In bivariate analyses, neither past dietary vitamin E intake (<8 mg/day vs more) nor current vitamin E supplement use was associated with impairment. Women who did not use vitamin E supplements at Women's Health Initiative baseline had an increased risk of mixed-domain impairment (odds ratio [OR] 1.88; 95% CI 1.09 to 3.23). This association lost significance when adjusting for age, education, American National Adult Reading Test (ANART) score, and time between measurement of past vitamin E use and cognitive testing.
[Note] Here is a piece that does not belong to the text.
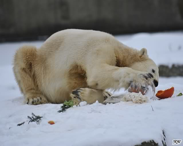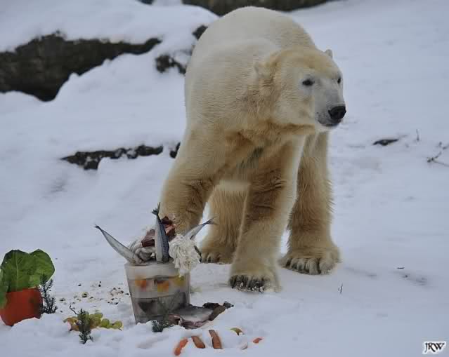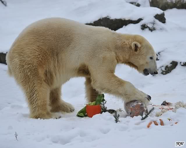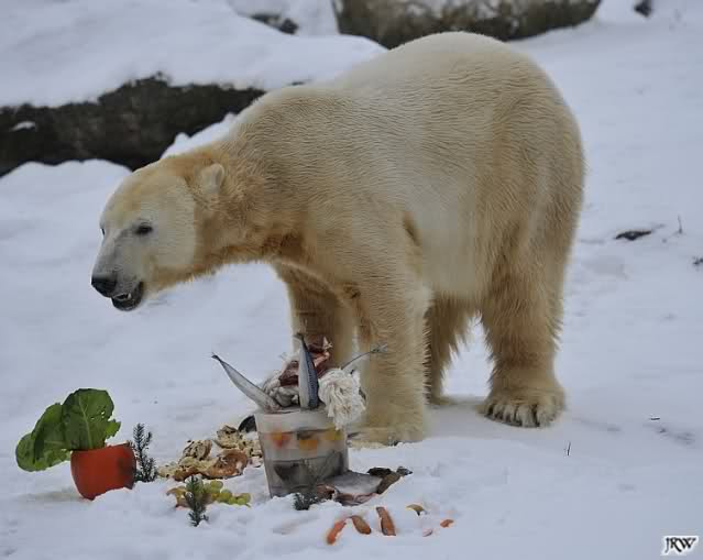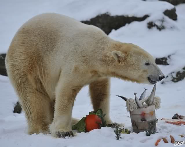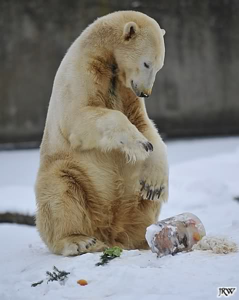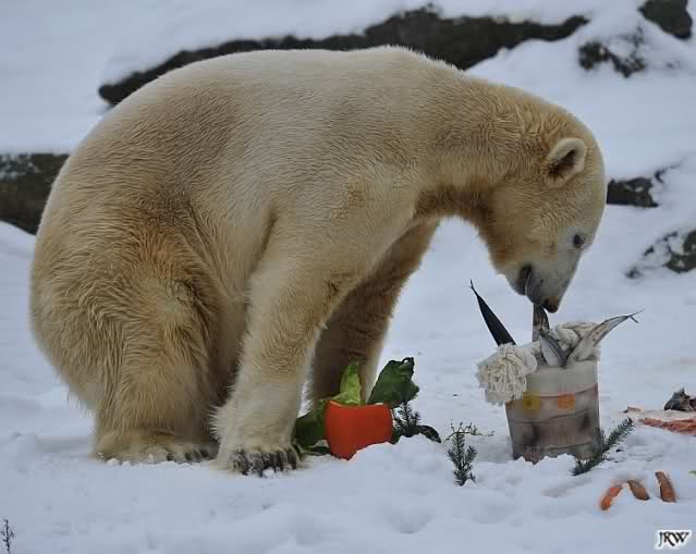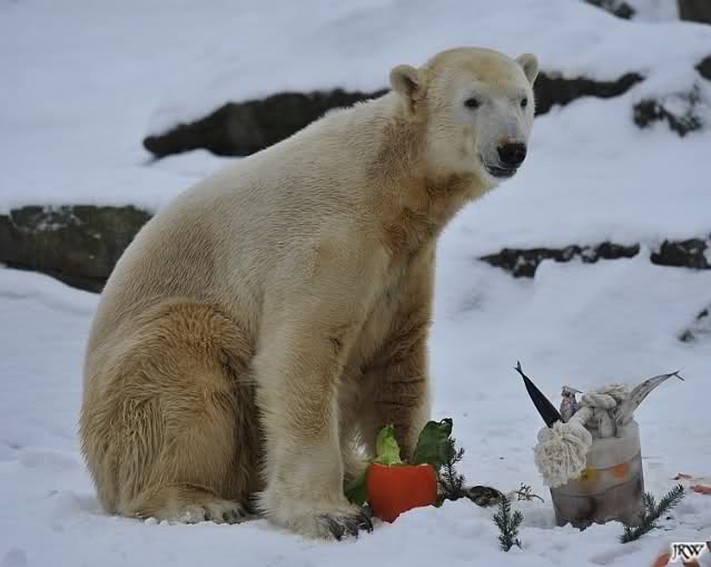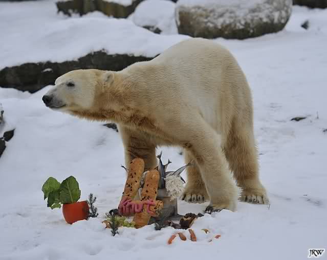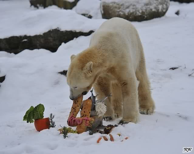 Für Knut war der Geburtstag nett. Er schien sich rundum wohl zu fühlen. Nachdem die Überraschungen von den Pflegern aufgestellt waren, kam Knut langsam heraus auf die Anlage und schaute sich erst einmal um. Nachdem er feststellte, dass er allein war, ging er zielstrebig auf seine Geschenke zu. Man konnte ihm ansehen, wie viel Freude er hatte. Die leckere VIER hatte er bald verspeist und machte sich nach und nach an die anderen Leckereien. Nachdem er an der Eisbombe genibbelt, gekratzt und genascht hatte, stellte er fest, dass man sie auch gut rollen konnte. Es war brechend voll. Sobald man sich auch nur einen Schritt von seinem Platz bewegte, war er weg.

Concurrent serum α-tocopherol had significant cross-sectional associations with both memory and mixed impairments, with women in the lowest quartile of serum α-tocopherol nearly twice as likely to show signs of memory (1.92; 1.24 to 2.97) and mixed-domain (2.01; 1.13 to 3.57) impairments. In multivariable models adjusting for age, education, and ANART score, the lowest quartile of serum α-tocopherol was associated with increased odds of memory impairment (OR 2.02; 1.27 to 3.20) and mixed impairments (OR 2.00; 1.04 to 3.85). Additional adjustment for APOE e4 did not affect these results.


There was weak or no evidence of a protective effect of previous vitamin E intake on cognitive function. However, the association of low concurrent serum α-tocopherol with memory and mixed impairment merits further exploration.